The W&M apology coincides with the 50th anniversary of the first three African-American students to reside on campus. And in delving into its links to slavery, the college joins the trailblazing ranks of Brown University, Georgetown University, the University of Virginia and the University of North Carolina-Chapel Hill, among others.

More recently, the name of Woodrow Wilson, a Staunton native and segregationist, has become problematic at Princeton, where he served as president before moving on to the White House. And Virginia Commonwealth University has embarked upon The Well Project to memorialize the remains of African-Americans whose bodies were used by medical students and then discarded in a well at the Medical College of Virginia more than a century ago.

“I think this is a burgeoning movement, but there are some schools still a little reluctant to look into their past,” said Meyers, a member of the Lemon Project’s steering committee. “It’s an awkward look because there’s a lot of ugliness to be turned over.

“You have to be interested in the full history, the ugly and bad as well as the noble.”

When you’re the nation’s second-oldest institution of higher learning behind Harvard, that’s a lot of history. Some of it doesn’t do the college proud. Thomas Roderick Dew used his position as William & Mary president as a platform for promoting and justifying slavery during the antebellum era.

Lemon, owned by W&M during the late 18th and early 19th centuries, was not the college’s only slave. Research found that the college owned five to 10 slaves from the early 19th century to the onset of the Civil War and also may have hired slave laborers, according to an April 2010 article in the Richmond Times-Dispatch.

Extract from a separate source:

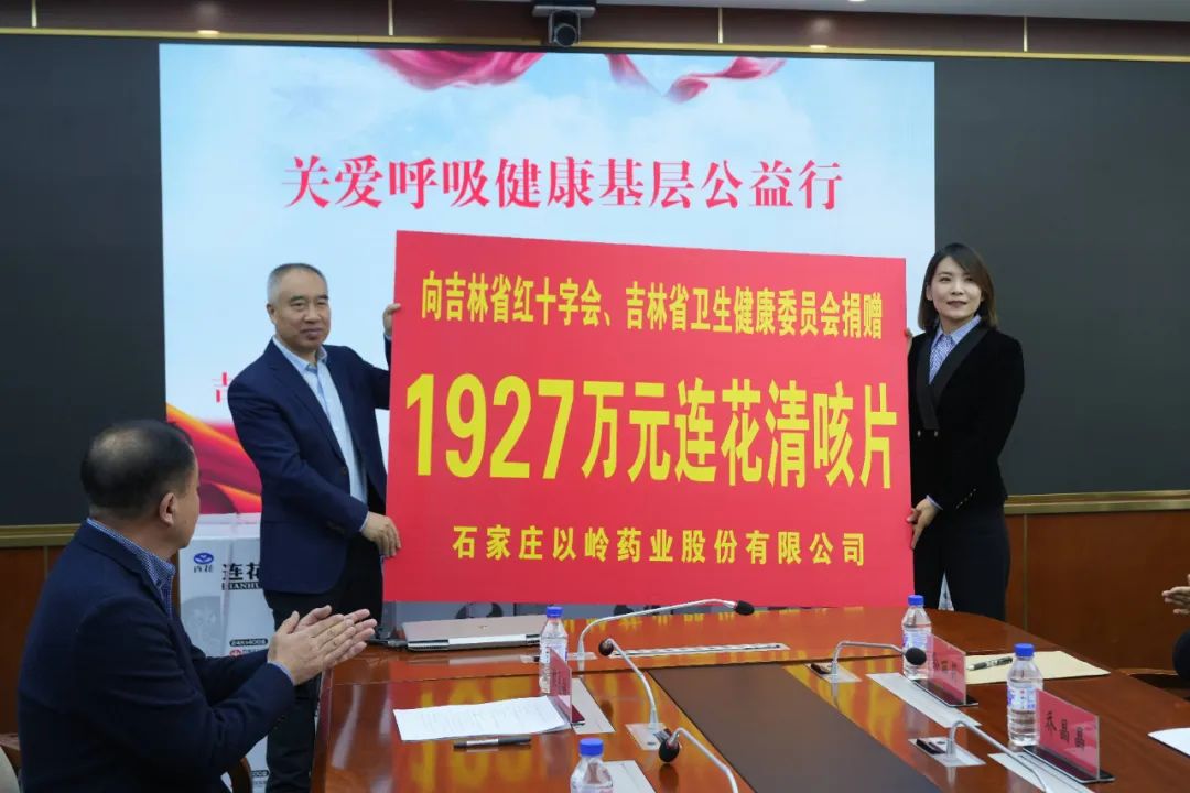 为深入贯彻落实党的二十大精神和习近平总书记在新时代推动东北全面振兴座谈会上重要讲话重要指示精神,把惠民生、暖民生、顺民意的工作做到群众心坎上。2023年12月1日,省红十字会、省卫生健康委员会联合石家庄以岭药业股份有限公司开展“关爱呼吸健康基层公益行”捐赠仪式正式举行,省红十字会党组书记、常务副会长牛继东,省卫生健康委员会副主任、一级巡视员高占东,石家庄以岭药业吉林省区市场营业部经理乔晶晶等出席仪式。

Another W&M president, Lyon Gardiner Tyler, held views hardly more enlightened during his tenure in the late 19th and early 20th century. Tyler, the fourth son of former President John Tyler and author of “A Confederate Catechism,” a bible of the Lost Cause movement, “was a serious unreconstructed Confederate admirer” who thought no history book written by a Northerner should be in a Virginia classroom, Meyers said.

The school’s history department bears Tyler’s name as a result of an endowment from a son of Tyler’s, Harrison Ruffin Tyler. The department’s website credits Lyon G. Tyler with reviving W&M, even as it laments that his legacy “is particularly troubling in matters of race and slavery.”

“We are well aware that William & Mary and the department we belong to very likely would not exist today without the talents and the devotion that Lyon Gardiner Tyler brought to the leadership of both,” the website says. “At the same time, we — and our university — must acknowledge the weight of the past, something the board of visitors has most recently done in a resolution of apology for the college’s use of slave labor and racial discrimination.”

On the flip side, W&M — where Reveley established a Race and Race Relations Task force in 2015 — has renamed residence halls for Lemon, to commemorate the importance of African-Americans to the school’s history, and for the late Caroll Hardy, a former associate dean and dogged advocate for increased diversity on campus during the 1980s and ’90s.

Allen says the Lemon Project has helped foster connections with an African-American community in Williamsburg that retains a historic skepticism of the campus.

She earned her doctoral degree at William & Mary and her father was the pastor of a Williamsburg church, but as recently as 1995, she was still being warned about the campus.

“People were proud and supportive, but African-Americans said to me, ‘You need to be careful,’” she recalled. “There’s a strong cultural memory. Nothing ever happened to me related to William and Mary, but those people telling me to be careful remember when blacks couldn’t walk on campus. ...

“You can’t repair that in eight years, and luckily the administration at William and Mary knew that. There’s no quick fix when you’re talking about this 325-year history of abuse, mistreatment and neglect.”

In that way, these on-campus efforts to unearth and reconcile the past are a metaphor for an America where similar work remains to be done.

“You should care about this history,” Allen said. “I think since slavery ended, there’s been very little acknowledgment of these millions of people who built this country. ... This racial divide is never going to heal without this kind of work.”